### Excerpted records

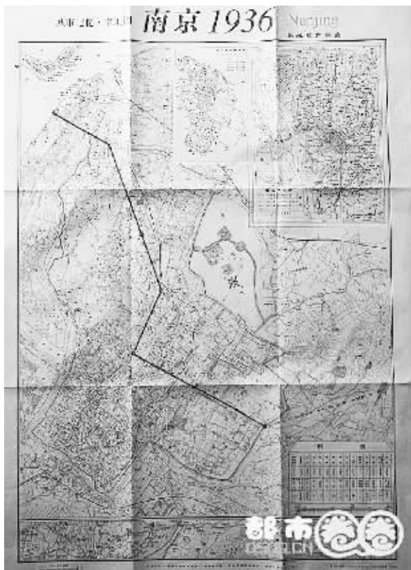
高松在地图上标出白天经过的七个点,再将各点连成一线,就有了他的这个发现。
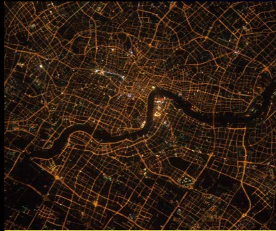
▲從國際太空站看到的上海夜景，像是黑皮膚透出的金色血管一般。
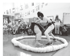
▲きぬの里大運動会
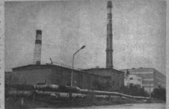
Надежды на благополучную зиму росляковцы связывают с ТЭЦ.

- Средняя школа № 4 уже практически закончила ремонт,
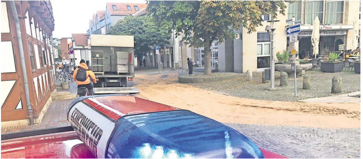
Kilometerlange Ölspur: Ein Remondis-Lastwagen war in der Fußgängerzone leck geschlagen, die Spur zog sich bis zum Betriebshof.

Der Müllwagen stieß laut Polizei in Höhe Kaufhaus Schütte gegen einen Vorbau. Dabei riss ein Hydraulikschlauch ab, es trat Hydraulikflüssigkeit aus. Bollmohr rückte zunächst mit acht Leuten aus. Doch er glaube nicht, dass das reiche, sagte der Brandmeister vom Dienst am Morgen angesichts der Länge der Verunreinigung. Letztendlich hatten bis zu 15 Leute gut zu tun, nach dreieinhalb Stunden war der Einsatz der Feuerwehr beendet. Bis dahin hatte sie 800 Kilogramm Ölbindemittel verbraucht.
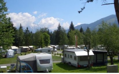
Camping Maishofen rustig genieten.
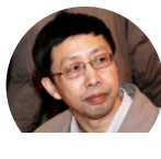
武夷山 中国科学技术发展战略研... 副院长
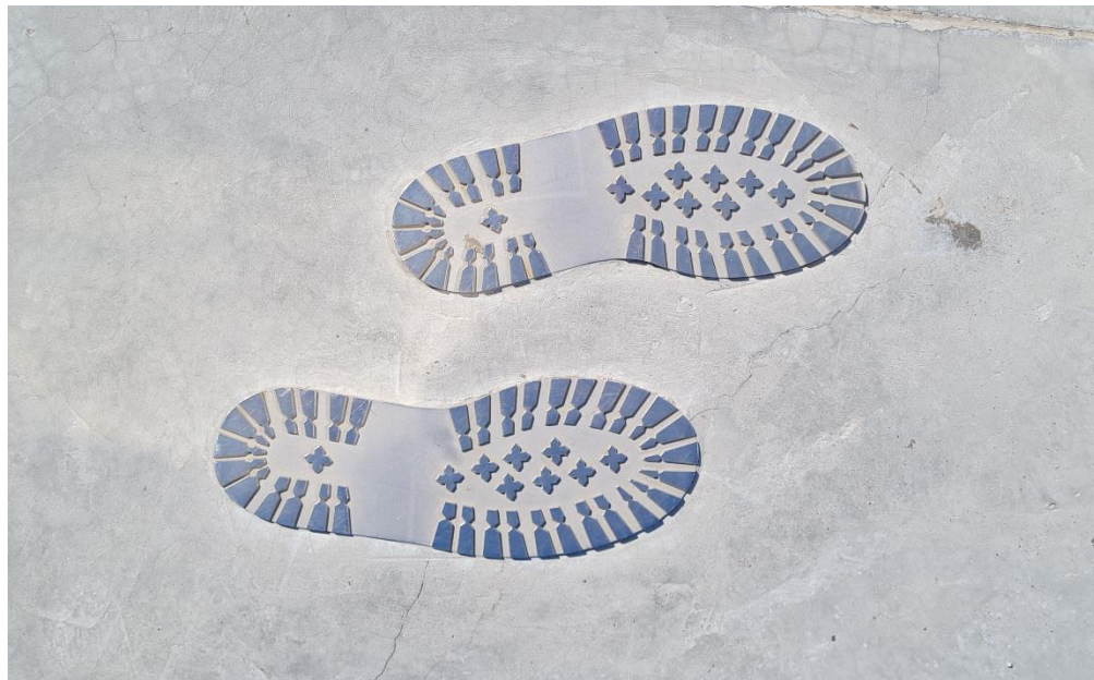
Slika 3: Otisak vojnih čizmi
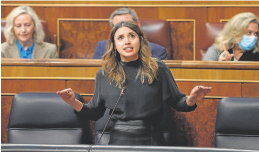
La ministra de Igualdad, Irene Montero, en la sesión de control
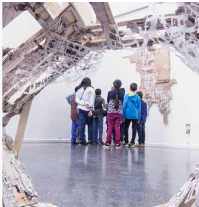
Führungen – Kinder führen Kinder

Kinder ab 6 Jahren können in einer Gruppe von 10 bis max. 12 Teilnehmern ihren Kindergeburtstag am Samstag oder Sonntag im Kunstverein feiern. Wir bitten um eine frühzeitige Anmeldung (mind. 3 Wochen im Voraus) unter 0621 52 80 55 oder schubert@kunstverein-ludwigshafen.de
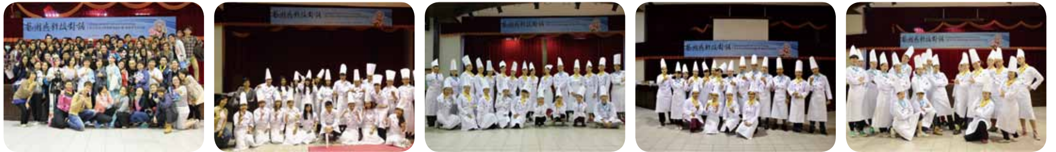
「容妝造型體驗課程」後兩校師生大合照 「民俗技藝體驗課程」戲曲學院師生合照 「歌仔戲身段體驗課程」戲曲學院師生合照 「京劇身段體驗課程」戲曲學院師生合照 「容妝造型體驗課程」戲曲學院師生合照

兩校共同辦理「藝術與科技對話」活動，主要目的在於提升兩校學生學習動機、藝文鑑賞與多元文化之學習能力，並同時推廣兩校發展特色課程，深化學生接觸不同領域的學習與體驗，激盪出跨校跨領域雙向交流與合作關係，希冀未來能持續推廣兩校之特色課程跨域結盟，未來能成為定期性的交流活動，開啟學生心中藝術與科技的對話。
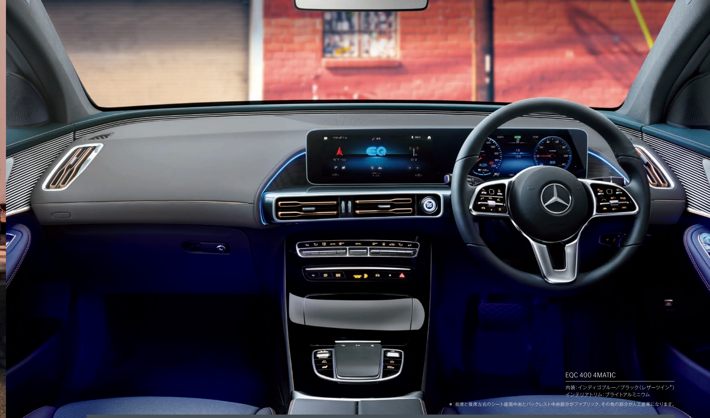
EQC 400 4MATIC

※日本仕様の充電口は2箇所あり、充電用ウォールユニット用の充電口（普通充電用ポート）はリアバンパー右側に配置され、CHAdeMO用の充電口（急速充電用ポート）はリアフェンダーに配置されています。
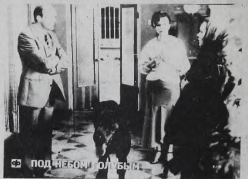
ФФ ПОД НЕБОМ ГОЛУБЫМ

Август сценария фильма «Под небом голубым» Виктор Мережко.
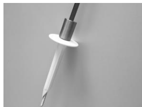
Der ZHSK plus im Einsatz mit dem Spezialwerkzeug

08.006.7 Produktdatenblatt 030-16:10.2018 © Design by Harald Zahn GmbH D.K
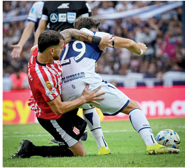
Dureza. El "Pincha" apeló al rigor ante la permisividad arbitral.

Gimnasia y Estudiantes empataron 0-0 en la quinta fecha del Torneo Apertura. Muslera fue clave para la visita, que se fue conforme con el punto.
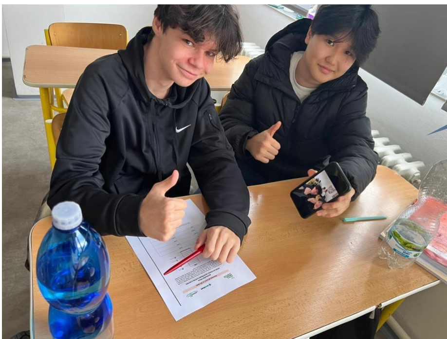
SŠTŘ Hermés Mladá Boleslav
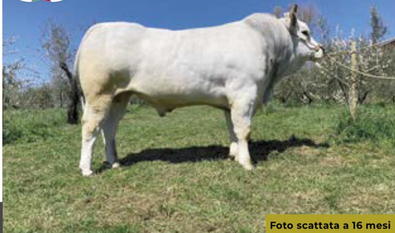
Foto scattata a 16 mesi

PADRE / SIRE FACEBOOK P.ti 86 IT062990185896
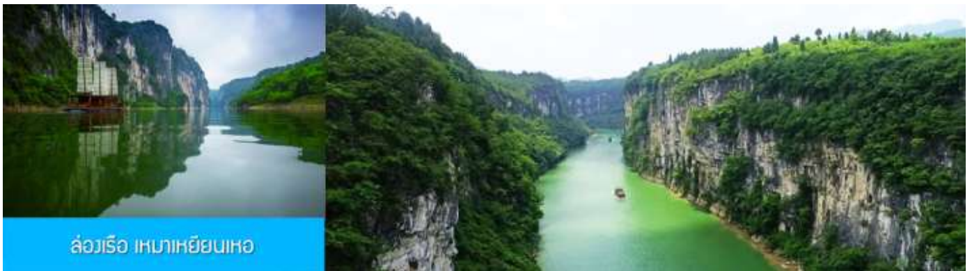
ล่องเรือ เหมาหยินเหอ
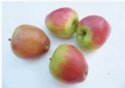
Frutti in fase di conservazione avanzata (S. Guidi)

Cultivar che andrebbe conservata per il suo germoplasma ma dato l'aspetto curioso dei frutti, potrebbe avere buone possibilità di mercato come prodotto locale, biologico.
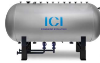
VEX Acumulador de vapor
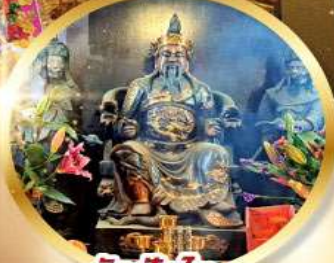
วัดบิกโต

เสริมโชคลาภนำความรุ่งเรือง ทุกด้านของชีวิต
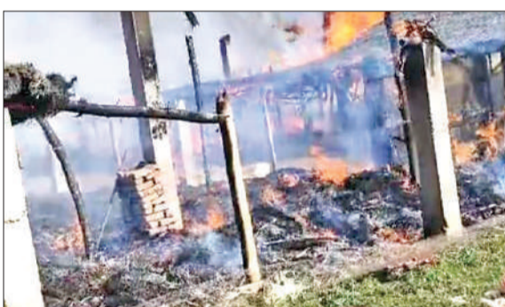
बिड़ौली में जलता पोल्ट्री फार्म। ● अमृत विचार

अमृत विचार: गोला थाना क्षेत्र के बिड़ौली फार्म में पोल्ट्री फार्म में अज्ञात कारणों से आग लग गई, जिससे चार पोल्ट्री फार्म जल कर राख हो गए। आग से लगभग 30 लाख से ज्यादा का नुकसान हुआ है। आग लगने से फार्म में 6500 चूजे और मुर्गी दाना जलकर खाक हो गए। आग लगने के कारणों का पता नहीं चल पाया है। स्थानीय लोगों ने मिलकर आग पर काबू पाया, लेकिन तब तक काफी नुकसान हो चुका था। चारों पोल्ट्री फार्म जलकर राख हो गए। फार्म में 7200 चूजे थे, जिसमें लगभग

######

## Task goal:
Reproduce exactly the lines of the entries above from the first through the line with "Kilometerlange Ölspur: Ein", both included; pictures should not be reproduced.

## Finished task:
高松在地图上标出白天经过的七个点,再将各点连成一线,就有了他的这个发现。
▲從國際太空站看到的上海夜景，像是黑皮膚透出的金色血管一般。
▲きぬの里大運動会
Надежды на благополучную зиму росляковцы связывают с ТЭЦ.

- Средняя школа № 4 уже практически закончила ремонт,
Kilometerlange Ölspur: Ein Remondis-Lastwagen war in der Fußgängerzone leck geschlagen, die Spur zog sich bis zum Betriebshof.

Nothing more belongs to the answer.